Délicat, immensément drôle et délicieusement amer, Broken Flowers avait décroché le Grand Prix à Cannes lors de sa sortie. Si son scénario pouvait se prêter à toute sorte de traitement, Jim Jarmush à opté pour une hésitante ballade mélancolique en forme de Road Movie sentimental ou paternel, c'est au choix. Broken Flowers est une gigantesque et dilettante interrogation sur la paternité et sur les rencontres de la vie qui la précède. Don Johnston, avec un "t", a réussi sa vie professionnelle, mais n'a visiblement pas trouvé l'équilibre affectif qu'il a, semble-t'il, recherché toute sa vie au travers de ses nombreuses rencontres amoureuses. Riche, il manque l'essentiel à sa vie, la lettre qu'il va recevoir va relancer cette machine en quête de réponses, retrouver la créativité et l'énergie passée qu'il avait déployées pour faire fortune, mais cette fois, le système qu'il tente de concevoir n'est plus informatique, mais humain, de type "moi papa"...
Il n'y avait que Bill Murray (comme à son habitude excellent dans ce type de personnage, mais en a t'il vraiment incarné d'autres ?) pour incarner ce personnage lunaire, déconnecté, fragile à l'intérieur, et imperturbable à l'extérieur. En parfaite symbiose avec une sélection de musiques des mieux choisies, c'est véritablement lui qui supporte ce magnifique et somptueux édifice qu'est Broken Flowers. Absolument parfait en personnage profondément ébranlé, il donne à Don Johnston , avec un "t", toute la fragilité et la distance nécessaire pour le rendre attachant et permettre au spectateur de s'y investir, malgré sa spécificité. Bill Murray est une sorte de Droopy à qui on souhaite la réussite dans sa quête, mais malgré cela on fabrique aussi par nous même (faute que le Bill nous la joue extravertie) l'ancien Don Johnston (avec un "t"), celui qui a quand même collectionné les "cas" ! La mère d'une Lolita, une communicatrice pour animaux, une biker... Peut-être que le personnage de Bill Murray aurait finalement mérité son parcours de bousier... Ce fort bel équilibre entre le visible et l'invisible du personnage, cette imperfection naturelle de l'être humain, trouve sous la caméra de Jim Jarmush, avec le talent de Bill Murray, une forme des plus réjouissante, simple, belle, terriblement douce et sensible et exagérément ludique. Broken Flowers est en équilibre, de ceux qui fascinent, il tient comme par magie alors qu'il ne semble constitué que de petits riens... mais des "petits riens" pourtant essentiels...
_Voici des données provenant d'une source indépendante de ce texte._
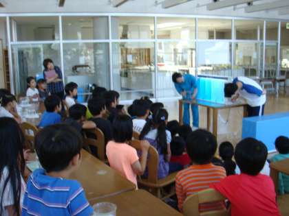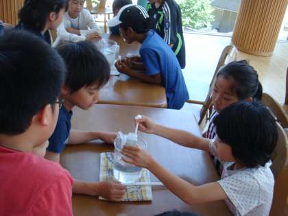 浄水場で行われている「ろ過」や「ちんでん」を実験装置を使って、
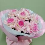 Изысканный букет с добавлением французских нежно розовых роз Порадует представителей прекрасного пола своей красотой ,ярким ароматом и невероятной стойкостью
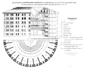 Cover: Panopticon di Bentham, ricostruzione. Fu descritto come “un dispositivo di tale mostruosa efficienza da non lasciare spazio all’umanità”. Il “dispositivo” di cui si parlava era un edificio istituzionale e un sistema di controllo progettato nel XVIII secolo dal filosofo e teorico sociale inglese Jeremy Bentham. Il cosiddetto Panopticon, dalla parola greca che significa “tutto vedere”.
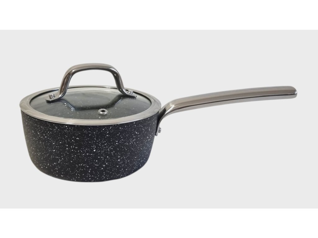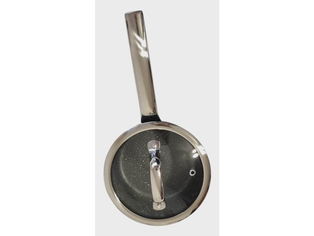 - Typ materiálu: prvotriedny antiadhézny povrch (vhodný tiež pre kovové kuchynské náradie), charakter nelešteného prírodného kameňa, sklonerezová pokrievka
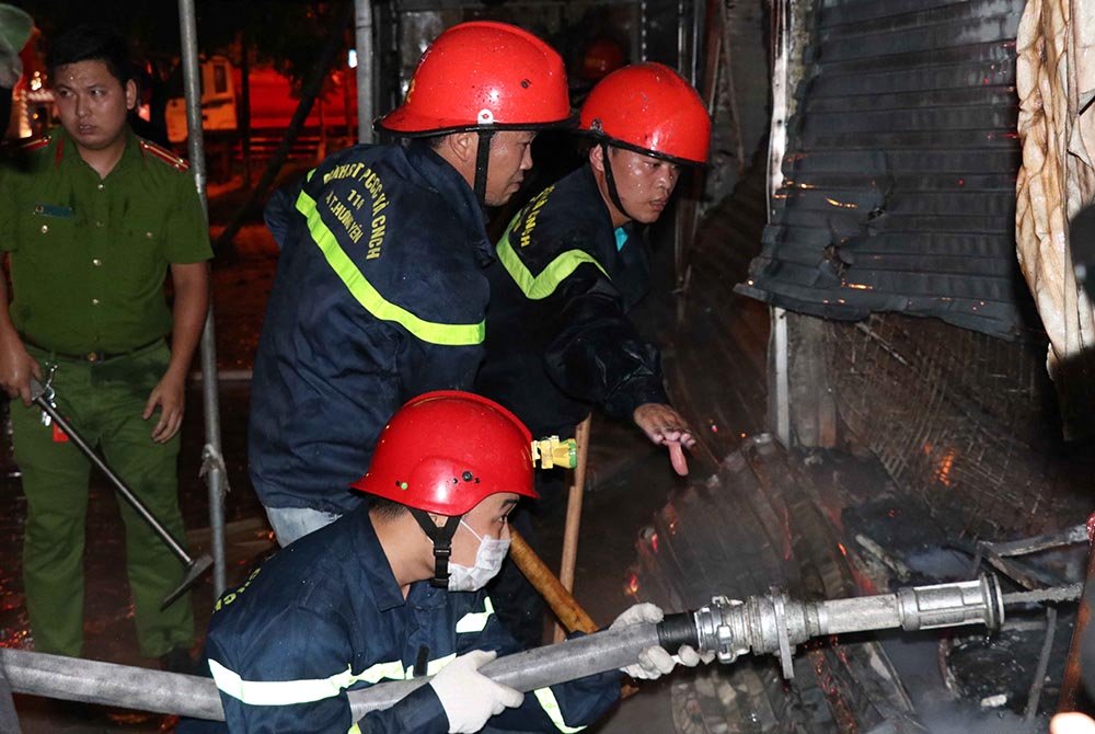 Người dân chứng kiến vụ cháy kể lại: "Tôi đi qua khu chợ khoảng 20h45 thì thấy đám cháy bùng lên dữ dội và có 1-2 xe cứu hỏa có mặt dập lửa. Đến lúc này, đám cháy vẫn chưa được khống chế, lực lượng chức năng đang ngăn không cho đám lửa lan rộng".
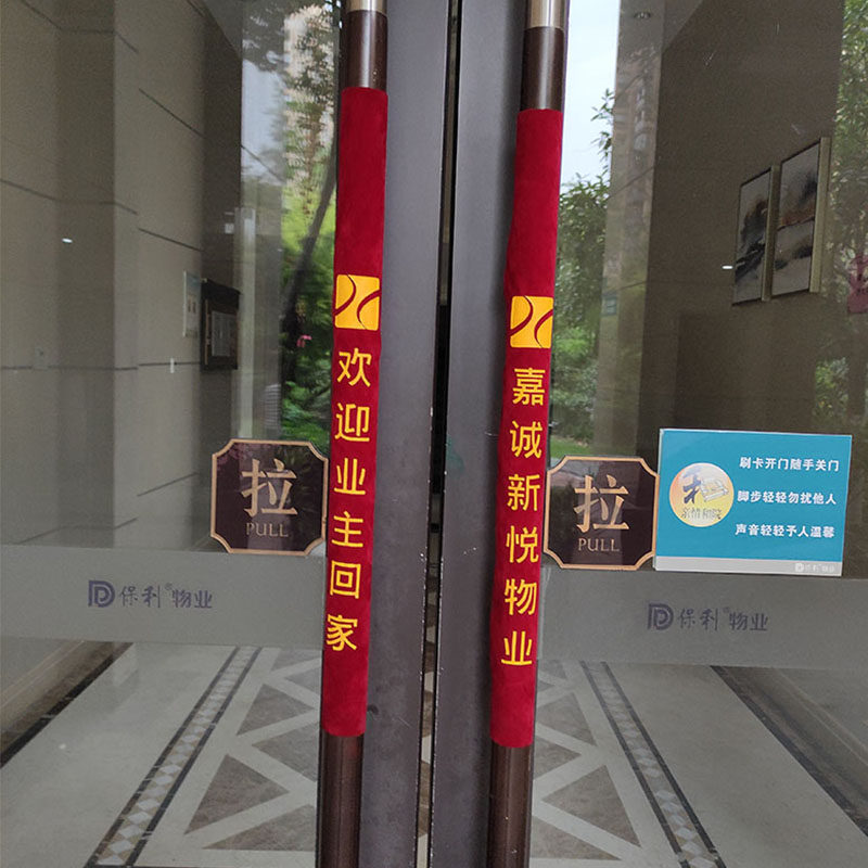 Custom unit door handle jacket thickened double-sided suede handle protective sheath Embroidery Anti-Print Character Factory Direct
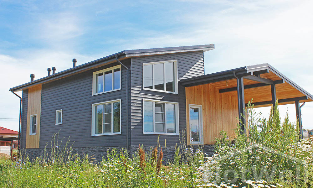 — Внешняя отделка: Произведена компанией «Хотвелл», в качестве отделочного материала использовался фиброцементный сайдинг cedral. Монтаж велся по системе вентфасад.
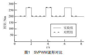 根據(jù)上述實(shí)驗(yàn)方法進(jìn)行實(shí)驗(yàn),兩組實(shí)驗(yàn)SVPWM波形對比如圖1所示。
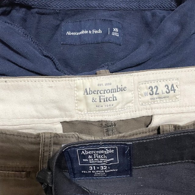 商品説明 アバクロンビー&フィッチのパーカー1点、パンツ2点のまとめです。 カジュアルなスタイルにぴったりです。 詳細 ●サイズ:(パーカー)【XSサイズ】肩幅40cm・バスト48.5cm・袖丈57.5cm・着丈58.5cm (黒パンツ)【W31 L32】ウエスト41cm・股下80cm (茶パンツ)【W32 L34】ウエスト44cm・股下83cm(平置き採寸) ●ランク:C~Eランク ●コンディション:パーカー、茶パンツは全体的に色褪せています。 パーカーの前面下に穴と汚れがあります。 茶パンツの左臀部に汚れがあります。 |

Le couple Jarmush-Murray, mélange de distance et de proximité avec des sujets essentiels, avançant toujours "mine de rien", toujours traité avec infiniment d'humour, n'est pas sans nous rappeler le style, lui aussi un peu Arty, d'un Wes Anderson... On y retrouve ce goût du détail, de la mise en scène cadrée, et ce talent pour faire parler les silences... Broken Flowers est indolent, vivant et saturé de sensations aussi fugaces qu'essentielles ! "Mine de rien", cette virée délicieusement douce-amer, en deviendrait presque inoubliable pour le spectateur... Et puis, elle est si merveilleusement mise en musique, toute blindée d'"étiopiques" et autres perles musicales. On adore !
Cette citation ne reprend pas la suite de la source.